A encenação de um texto emblemático do teatro do século XX traz implicações adicionais ao trabalho de criação, comparativamente a outras produções. Importa dar a conhecer que esta obra tem um modelo cénico a partir do qual Brecht estabeleceu alguns pontos de apoio para a sua realização. É também um texto e obra que tem acoplado um forte imaginário com o qual lidámos de modo aberto, apropriando-o e transformando-o. Cada trabalho que realizo é como uma viagem de longa duração na qual sucedem um conjunto de acontecimentos marcantes que nos impelem a modificar os modos e os meios com que vivemos. Penso que Brecht desenvolve uma duplicidade das personagens que associei justamente à noção de multi-perspectivas e ao conceito de contraste entre a visão interior e a percepção externa do mundo com que cada um vai aprofundando a existência. A coexistência de personagens com comportamentos contraditórios e plenas de rugosidades existenciais - comportando dentro de si a imitação de modelos e a imaginação própria, a superficialidade e a profundidade - foi um desafio que abraçamos ao escolher este caminho e esta obra.
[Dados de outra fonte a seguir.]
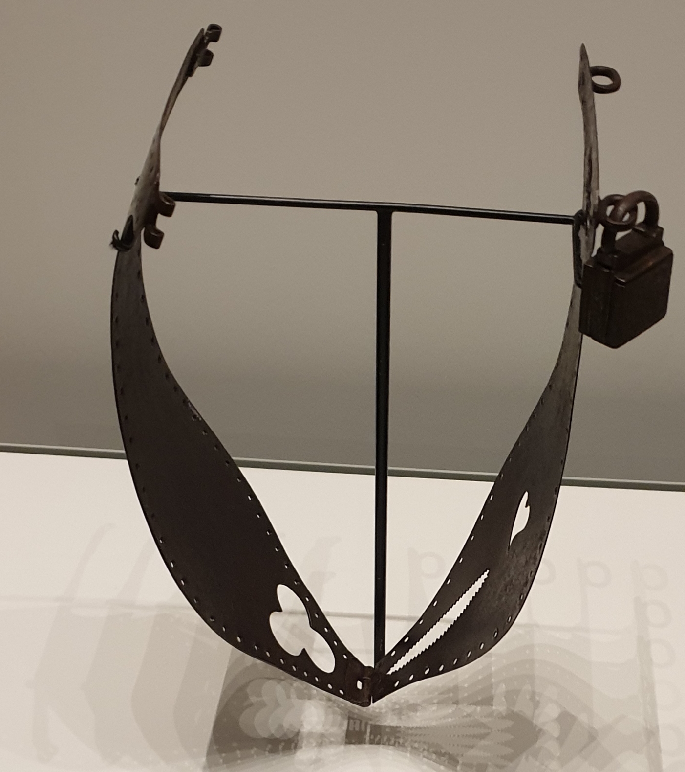 Especially for the ladies was a chastity belt and an iron mask called a Scold’s Bridle that could be locked over a woman’s head to stop her from talking.

O ponto de partida para o trabalho de criação em pesquisa foi o texto de Bertolt Brecht, assim como as partituras de Paul Dessau. A procura do respeito por um espírito latente nestas duas fontes condicionou os contornos e fronteiras das nossas decisões. Existiram vários momentos-chave no percurso que realizámos e, com um olhar retrospectivo, creio que importa realçar alguns deles de forma a tornar mais transparente e legível o conjunto de decisões que foram dando substância à obra agora apresentada.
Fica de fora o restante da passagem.